_RECORDED INFORMATION_
────────────────────

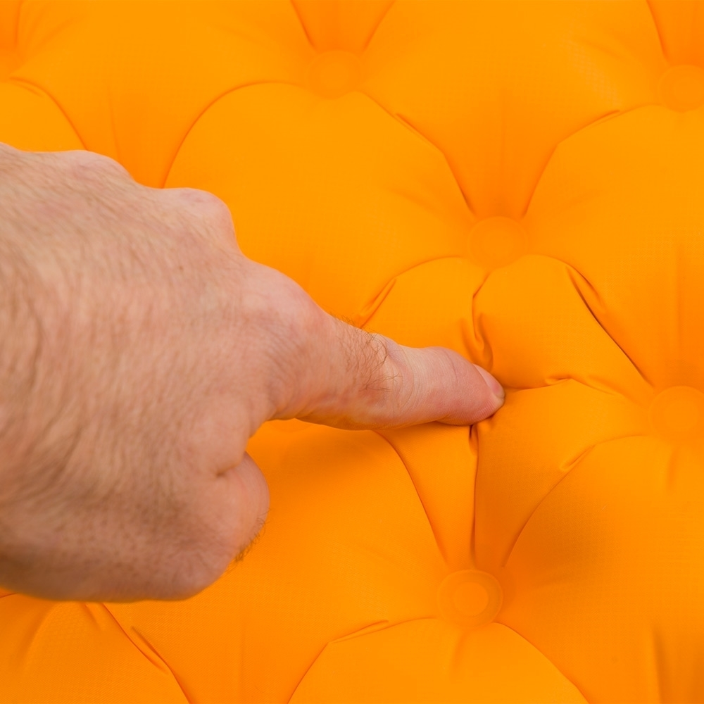 This lightweight sleeping mat is dot weld constructed to create air-filled cells that function in a similar manner to pocket spring mattresses. Confidently do away with a pump and inflate the mat with your breath, the durable rip-stop fabric is extrusion TPU laminated and has an antimicrobial treatment to resist the growth of mould.
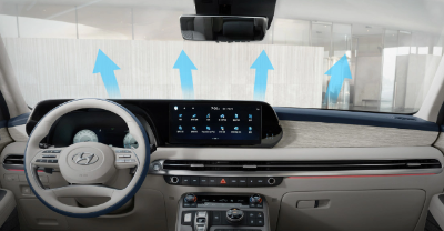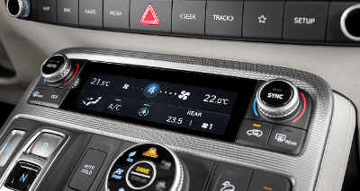 * 전후석 통합 터치 공조 컨트롤러 : 터치식으로 2열 공조 제어까지 가능하여 편리한 터치 타입 공조 패널에 공기질 센서, 마이크로 에어 필터, 운전석 공조 연동 자동 제어 등의 공기청정 모드가 적용되어 실내 미세먼지를 획기적으로 저감 하며 쾌적한 실내 환경을 제공합니다.
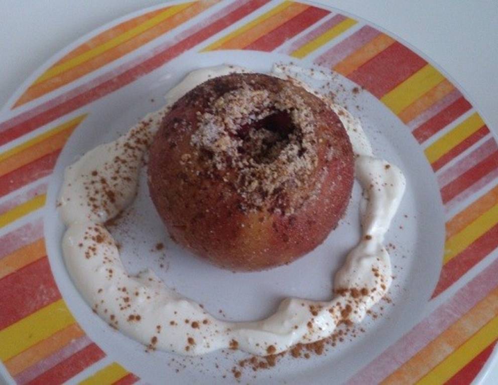 - Den Apfel in eine Auflaufform oder auf ein Backblech setzen. Den Apfel mit geschmolzener Butter anstreichen und mit Zimt und Zucker überstreuen. Den Apfel in den vorgeheizten Backofen bei 180°C eine halbe Stunde backen.

────────────────────

_EXERCISE INSTRUCTIONS_
In your output, repeat the listing above exactly and include none of the pictures.

_RESULT OF THIS EXERCISE_
 This lightweight sleeping mat is dot weld constructed to create air-filled cells that function in a similar manner to pocket spring mattresses. Confidently do away with a pump and inflate the mat with your breath, the durable rip-stop fabric is extrusion TPU laminated and has an antimicrobial treatment to resist the growth of mould.
 * 전후석 통합 터치 공조 컨트롤러 : 터치식으로 2열 공조 제어까지 가능하여 편리한 터치 타입 공조 패널에 공기질 센서, 마이크로 에어 필터, 운전석 공조 연동 자동 제어 등의 공기청정 모드가 적용되어 실내 미세먼지를 획기적으로 저감 하며 쾌적한 실내 환경을 제공합니다.
 - Den Apfel in eine Auflaufform oder auf ein Backblech setzen. Den Apfel mit geschmolzener Butter anstreichen und mit Zimt und Zucker überstreuen. Den Apfel in den vorgeheizten Backofen bei 180°C eine halbe Stunde backen.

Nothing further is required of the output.